Cordoned off by a row of bureaus containing the carefully sorted fabrics is an area filled with industrial machines mounted on stands. This is where Terri Farkas works. She started as a HomeFront client, and is now employed one day a week as a production sewer. She also fulfills custom orders for pillow covers and table runners. “Even when I was not required to be here I kept coming,” she says of the joy she finds in her work.

In addition to selling at the open house, Sewing Space has set up tables at craft fairs in the area, and some of the volunteers approach stores on both sides of the river to carry some of the merchandise. It is a challenge to find the right balance of what clients can produce in a reasonable amount of time that will also sell well—the wine totes, with appliques of a goblet, for example, are good sellers. People fill them with wine and give them as hostess gifts. 

“I want to use a skill I have and do something for others,” says Jane Fetter, a textile artist and retired teacher. “I am amazed by the creative new ideas sparked here.” She holds up a pillow that is made from an upcycled sweater, and an adult clothing protector (bib) that the group produces in bulk for nursing homes. “With the upcycled clothing, we show clients how they can get something from the free store and make it more interesting.” A wooden rack is draped with silk ties that will be used to make handbag straps or rosettes.

Traylor, who also runs the ArtSpace program at HomeFront’s Ewing campus, has worked with manufacturers who donate odd lots, including wedding dresses and evening gowns. “Our 2017 goal is Furnish the Future,” she says, describing plans to hire another sewer for alterations and custom work. “The open house will show how we work.”

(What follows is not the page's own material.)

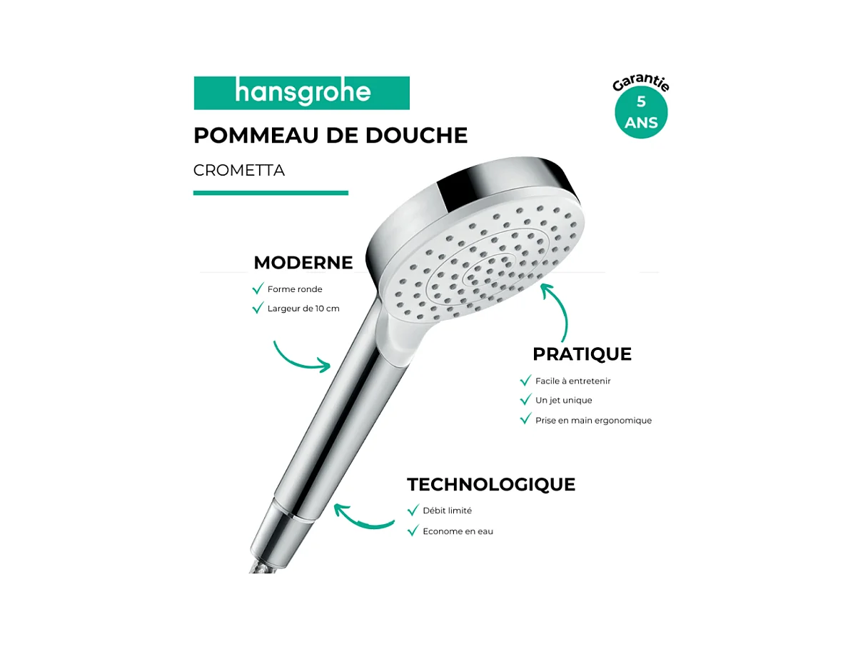 Pommeau de douche HANSGROHE Crometta EcoSmart blanc/chromé + flexible de douche 1,25 m HANSGROHE Metaflex chromé

The loading dock manager describes a donor who wanted to give chairs and inquired whether they could be re-upholstered, but Sewing Space is not set up to do this. “The stuff that comes in through the loading dock is endless,” says Fetter. “Your imagination is the only limit.”

SewingSpace will hold an open house at its facility at 1880 Princeton Avenue, Lawrence (near the Brunswick Circle), Dec. 10, 9 a.m. to 1 p.m. Handmade items will be for sale.